Il quadro attuale è quindi ancora valido e positivo. Anche la normativa comunale vigente (Regolamento Edilizio e Norme Tecniche di Attuazione) recentementi aggiornati per l'istituzione della Commissione per il Paesaggio e per l'introduzione di nuove norme per il recupero dei piani terreni dei fabbricati nei centri storici, tiene ed ha superato un recente esame dei consulenti legali ed urbanistici del Comune, in tema di vincoli e aree a standard (soggette ad interventi pubblici o privati di interesse pubblico).

Il PGT si potrà fare, si dovrà, ma senza fretta!

 

Come guardare quindi al possibile sviluppo urbanistico futuro di Porto Valtravaglia?

L'unico modo possibile è quello di trovare gli strumenti normativi e fiscali adatti e in grado di garantire lo sviluppo sostenibile dell'ambiente all'interno del PGT. E' quindi necessario contenere l'espansione edilizia residenziale (ormai prossima alla saturazione, non solo fisica, ma anche commerciale) e indirizzare cittadini e amministrazione al prioritario utilizzo del patrimonio esistente. Occorre ricordare che anche il Comune è proprietario di fabbricati che meritano di essere riconsiderati secondo nuove esigenze, mediante un recupero intelligente.

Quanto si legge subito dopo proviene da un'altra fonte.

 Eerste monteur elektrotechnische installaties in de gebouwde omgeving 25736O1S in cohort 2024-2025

Le aree a verde che ancora separano capoluogo e frazioni e le frazioni fra di loro devono essere mantenute, per una corretta lettura del territorio e dei nuclei antichi, così come la fascia di protezione che li circonda. Le aree agricole sono una connotazione importante sul nostro territorio, basti pensare alla piana di Ticinallo e adiacenze, all'Erbè, al Camigiolo e al Gerone, tanto per citarne alcune. Così dicasi per le aree boschive che, fortunatamente ricadono in massima parte entro la zona di vincolo idrogeologico. Anche la Provincia fortunatamente ha messo del suo sulle aree agricole, per favorirne la tutela.

 

La situazione delle zone produttive di possibile nuovo insediamento, riservate all'artigianato ed ai servizi, è buona e le superfici sembrano essere sufficienti a mantenere e sviluppare localmente un certo numero di attività. Attualmente ne disponiamo alcune in via Muceno di ampie dimensioni, che devono essere mantenute. Fra queste l'area Corbellini (dove già operava la ditta D'Amico) per la quale è prevista la possibilità di un vasto insediamento di attività artigianali.

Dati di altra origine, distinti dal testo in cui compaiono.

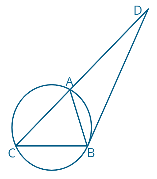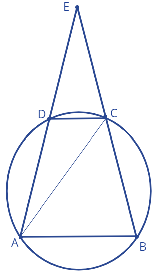 9. Дана трапеция \(ABCD\: (AB\:||\:DC)\), вписанная в окружность. Продолжения сторон \(AD\) и \(BC\) пересекаются в точке \(E\).

Per l'area artigianale di via Fugino è già stata presentata una bozza informale di Piano che avrà il suo corso quanto prima. Così dicasi per l'area fra la ex Omita e la Ferrovia in via Muceno (ex area Cochard) per la quale sono già stati depositati gli atti necessari all'adozione ed attualmente all'esame tecnico-legale.

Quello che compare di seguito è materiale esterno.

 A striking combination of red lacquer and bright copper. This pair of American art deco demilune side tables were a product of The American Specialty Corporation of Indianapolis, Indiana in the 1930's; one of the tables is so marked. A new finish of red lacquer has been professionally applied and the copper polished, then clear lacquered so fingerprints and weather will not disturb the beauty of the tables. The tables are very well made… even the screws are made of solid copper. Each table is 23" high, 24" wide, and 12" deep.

Anche nel Piano di Recupero della ex Telsa - Segheria, anch'esso all'esame tecnico-legale, sono previsti ca. mq. 1.500 di attività artigianali compatibili con la residenza.

Il fabbricato della ex ERMA a Muceno è in corso di recupero mediante trasformazione in attività di servizi socio-assistenziali, con un'ottantina di posti letto.

Le norme vigenti relative all'area ex Vetreria consentono, fra l'altro, il recupero del vecchio cantiere (sul sedime dello stabilimento parzialmente demolito) in dimensioni adeguate alle moderne esigenze della nautica.

 

I Piani Integrati di Intervento

Sembrano essere la nuova formula per il futuro dell'urbanistica e per la gestione del territorio. Cosa sono? E' uno strumento recente, nato con gli ultimi governi, che permette attraverso una trattativa fra privato e Comune di modificare qualunque destinazione prevista dal Piano Regolatore. E' una tendenza che si è affermata da alcuni anni con il nome di Urbanistica Contrattata, cioè la possibilità di rendere edificabile o di aumentare l'edificabilità di aree o di cambiarne la destinazione in cambio di opere pubbliche che il privato esegue per il Comune, oppure di ricavarne il valore corrispondente ai lavori relativi all'intervento privato stesso. Da un po' di tempo è addirittura permesso pagare al Comune il costo, senza vincolo di rapporto con i lavori: in pratica avviene una trattativa fra privato e Comune per ottenere dei diritti pagando, senza alcun riguardo alla corretta gestione del territorio.

Non condivido molto la filosofia dei Piani Integrati di Intervento: troppo pericolosi se lasciati in mano ad operatori e amministratori con pochi scrupoli! Ma visto che non sono "obbligatori" ma "possibili", spero nella lungimiranza e nell'onestà dei pubblici amministratori.